Já outros críticos questionam as criações de Gehry, enquanto espetáculo e marca. Seriam arte mesmo?!
Gehry é um artista do seu tempo, que imprime em suas obras, incluindo as novas tecnologias, o contexto em que vive. Aqui é importante pensar que a tecnologia não cria, mas projeta, permite, possibilita superar. Esta deve ser a postura da educação diante dessa Era das novas tecnologias. Aproveitá-la como uma ponte, como ferramenta fundamental da expressão e criatividade humanas!
Para ele, a satisfação não está no resultado, mas no processo, na possibilidade do esboço. Do fim como um novo começo.
Marisa diz que em relação à pesquisa, quando terminamos um trabalho é o melhor momento de publicarmos artigos, revisitá-lo. É o momento de maior inspiração.
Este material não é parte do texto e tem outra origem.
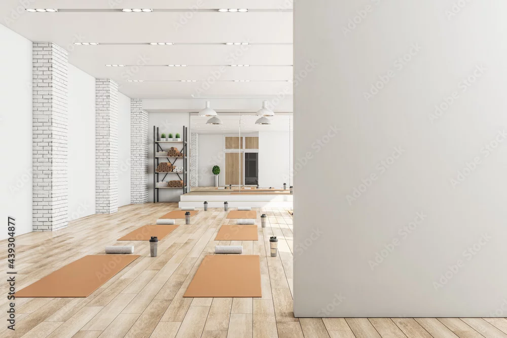 Modern concrete yoga gym interior with equipment, blank mockup space on wall, daylight and wooden flooring. Healthy lifestyle concept. Mock up, 3D Rendering.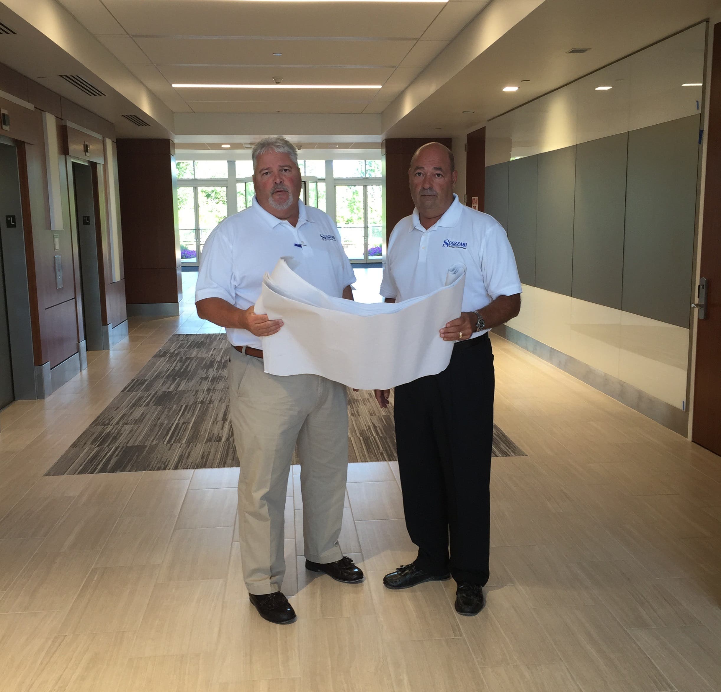 Photo caption: Photo courtesy Scozzari Builders. (Left) Leonard J. Scozzari, president, and (right) Nicholas R. Scozzari, vice president, of Scozzari Builders, Inc. at their project renovating and repurposing a portion of the former Merrill Lynch complex in Hopewell.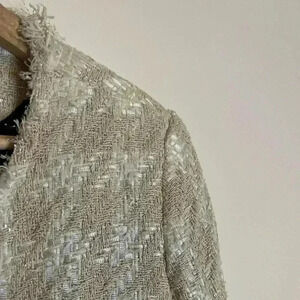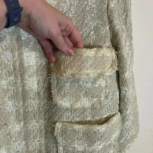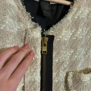 @lindseyhimmel Hello! No stains, holes or rips. No noticeable pulling. The tweed fabric is naturally frayed throughout, as seen if photos. This is by design. Let me know if you have any additional questions. Thanks!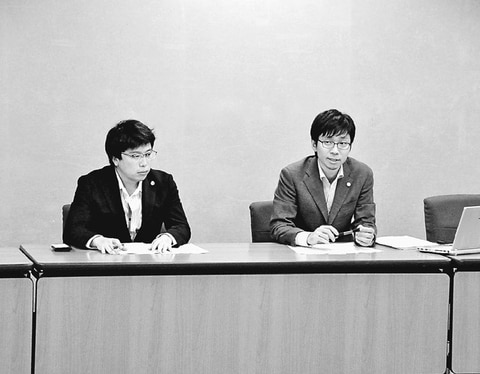 ![]() (写真)緊急声明を発表する日本労働弁護団の市橋耕太事務局次長(右)ら=21日、厚生労働省 |
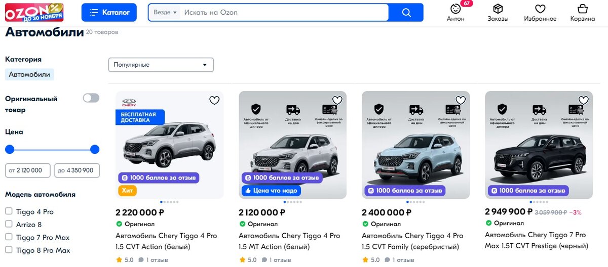 Запад и в этом от нас отстал. Amazon анонсировал интернет-продажи авто только со следующего года. А Озон уже вовсю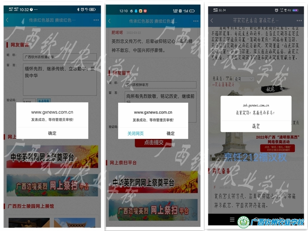 3月26日至4月5日,青年学生通过登录广西文明网,参与了网上献花、敬礼、鞠躬和留言寄语等活动,学习英烈精神,表达对革命先烈的追思和敬仰,真正做到了共战疫情、共享文明绿色的社会新风尚。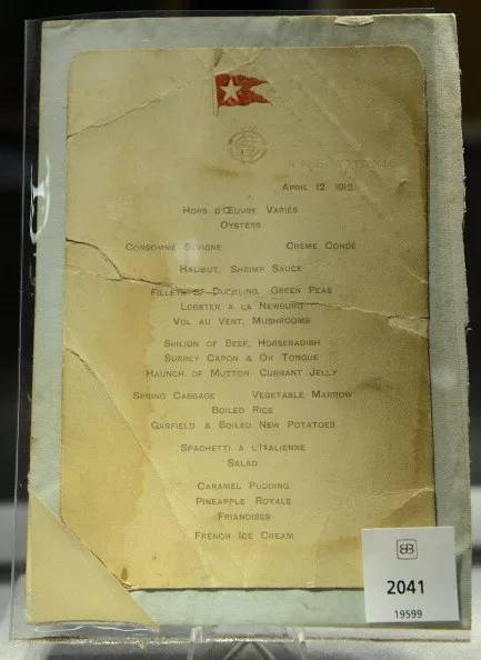 8. 在1912年4月12日时,头等舱的乘客吃了虾酱比目鱼、有着豌豆的鸭肉片、焦糖布丁等。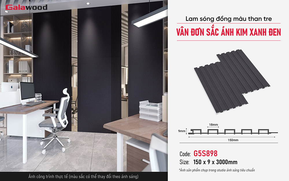 Lam sóng Galawood G5S898 được thiết kế đồng bộ với tấm ốp than tre Galawood cùng tông màu xanh đen ánh kim (mã G-898). Khi kết hợp hai sản phẩm này, bạn sẽ tạo nên một không gian nội thất đồng nhất, hài hòa và vô cùng bắt mắt.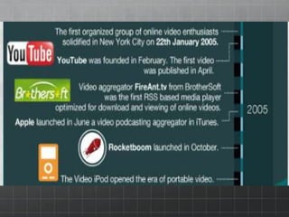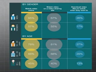 Le document explore l'évolution et les pratiques sociales liées à la vidéo en ligne, en mettant en avant les changements survenus depuis la première vidéo sur YouTube en 2006. Il souligne l'individualisation de la consommation, la complémentarité entre la vidéo en ligne et la télévision, ainsi que les nouveaux modèles de monétisation qui émergent dans le paysage numérique. Les réseaux sociaux jouent un rôle clé dans le partage de contenus vidéo, contribuant à une surabondance d'offres et à la création de communautés virtuelles.
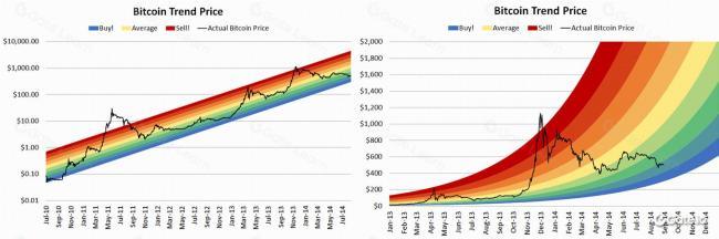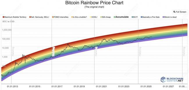 比特币彩虹图是一种用于观察比特币长期价格变化区间的可视化工具,它的核心思路就是将比特币的数据放入对数坐标体系中,通过回归模型制作出一条趣事曲线图,通过将比特币历史价格和时间的关系绘制成不同颜色的图表,帮助投资者更好的判断当前市场处在的情绪周期,比特币彩虹图是由Reddit的一位用户开发,为了显示比特币的价格趋势,后来另一位用户插入了回归模式,让它可以更准确的预测价格走势,经过回归矫正后更吻合历史数据,显示长期观点,对于短期交易的投资者帮助不大,还会不断更新迭代,未来还会继续更新让数据更加精准。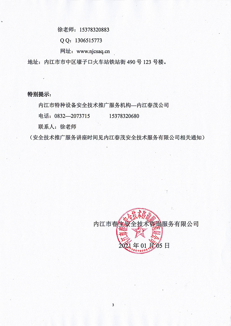 2021年春生公司03期特種設備作業(yè)人員考核班通知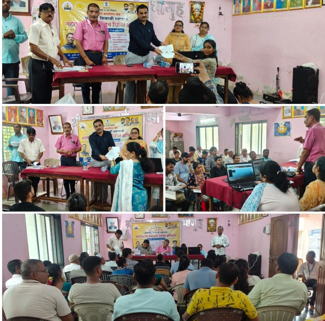 रत्नागिरी (खेड-भरणे) :- ११ जून मा. जिल्हाधिकारी रत्नागिरी व मा. उपविभागीय अधिकारी खेड यांच्या आदेशानुसार तसेच मा. तहसीलदार खेड यांच्या मार्गदर्शनाखाली आज बुधवार, दि. ११ जून २०२५ रोजी महसूल मंडळ भरणे येथे छत्रपती शिवाजी महाराज महा राजस्व अभियानांतर्गत एकदिवसीय विशेष शिबिराचे आयोजन करण्यात आले. हे शिबिर काळकाई सभागृह, ग्रामपंचायत कार्यालय, भरणे येथे पार पडले.कार्यक्रमाचे प्रमुख पाहुणे म्हणून मा. सुधीर सोनावणे रावसाहेब, तहसीलदार खेड यांनी उपस्थित राहून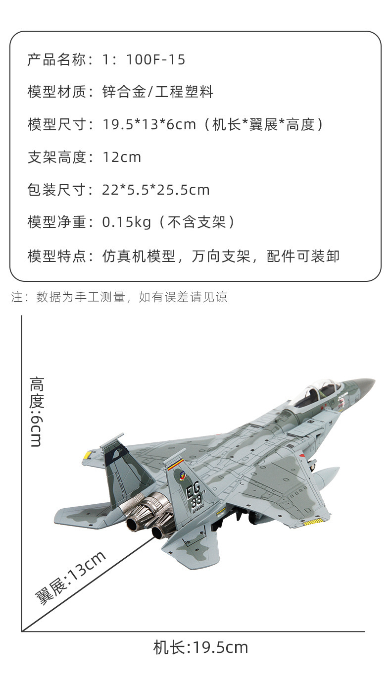 1:100美式F14 F15战斗机仿真合金飞机静态航空模型摆件收藏礼品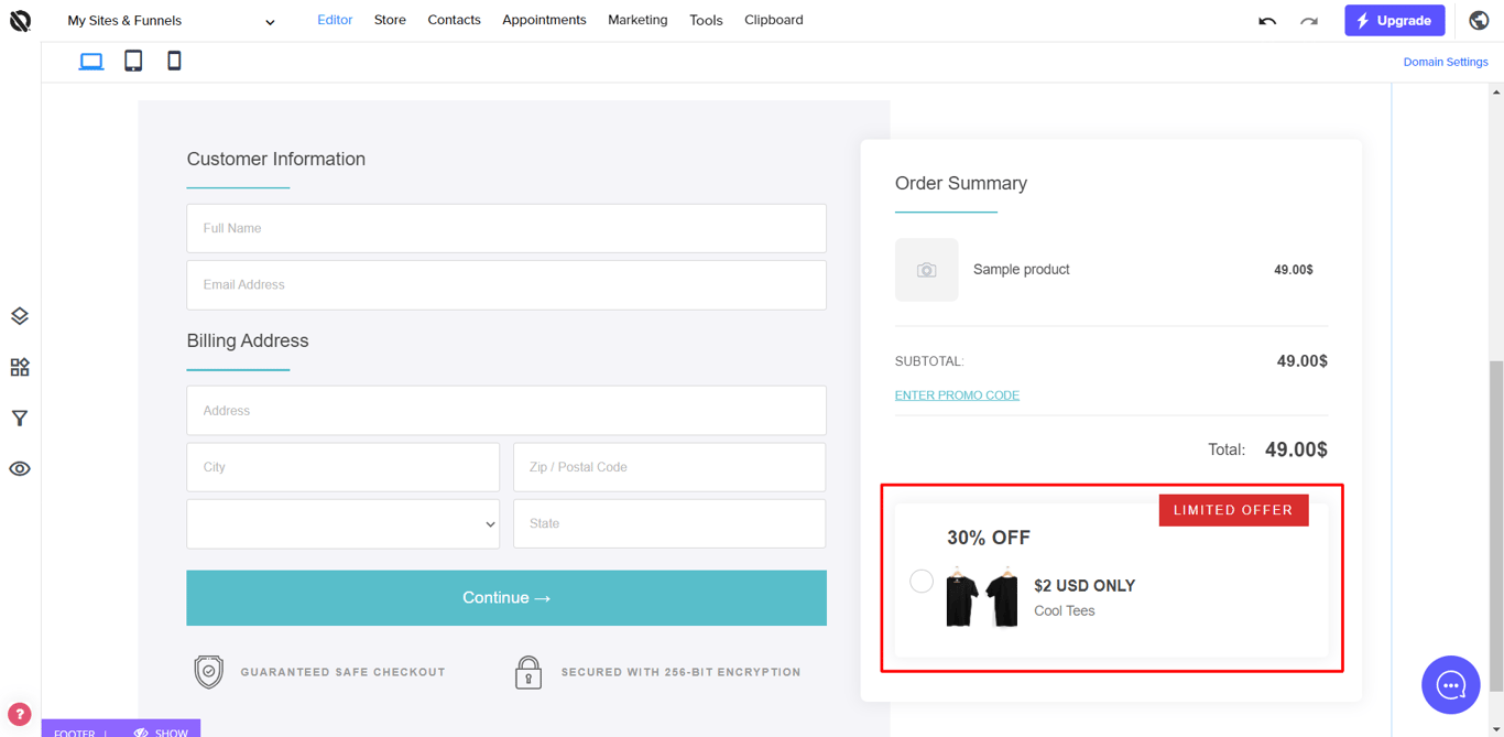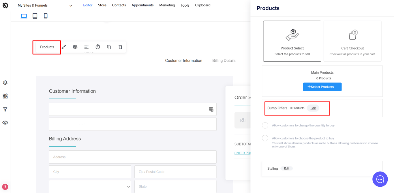 Bump offers help you increase your cart order value. To add a bump offer to your checkout > Select the products tab > then select bump offers as shown below.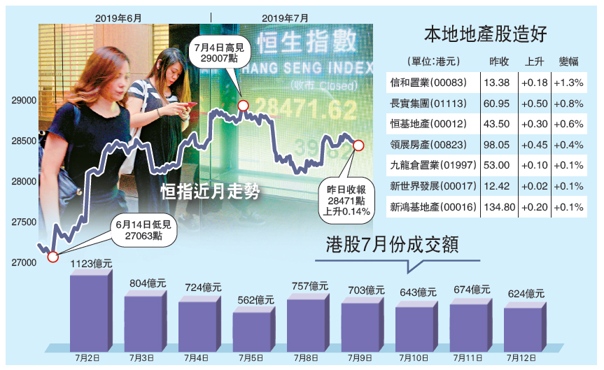 港股市場消化美國減息因素,投資者關注中美貿易談判膠着,入市意欲下降,恒指昨日反覆升39點,未能承接美股破頂的氣勢,成交額跌至624億元。本地地產股普遍造好,信和置業(00083)、長實(01113)繼續跑贏大市。內地昨日公布多項重磅數據,其間上月新增社會融資規模大勝預期,分析員認為,基建板塊近期表現疲弱,慎因社融數據而低吸基建股;後市短線或在27500點至29000點間上落。

Ela também acrescenta que todo risco exige coragem, determinação, disposição, pois não é fácil saltar fora da ordem, duvidar, dobrar e subverter as regras. Gehry e nós, assumimos os riscos, mas não sem medos!
Num diálogo de Gehry e Pollack, podemos refletir sobre a relação comercial e artística de confronto dos artefatos e criações humanas, ou ainda, da relação do trabalho com a necessidade financeira e necessidade da expressão da arte, onde os dois reconhecem ser possível encontrar pequenos espaços, seja na arquitetura ou no cinema, seja na Academia, de dizer algo novo, citando algo velho, de mostrar que há outras coisas além das que já se conhece.
Para que nossas crianças possam produzir arte, buscando articular realização profissional e criatividade, é preciso resgatar as vivências familiares, tão esvaziadas pelas mídias, segundo Marisa. Ao invés de 'medicar', canalizar sua energia excessiva para a criação, onde as novas tecnologias (tv, computador, internet), artefatos do nosso tempo, possam servir de ferramenta e potência de superação.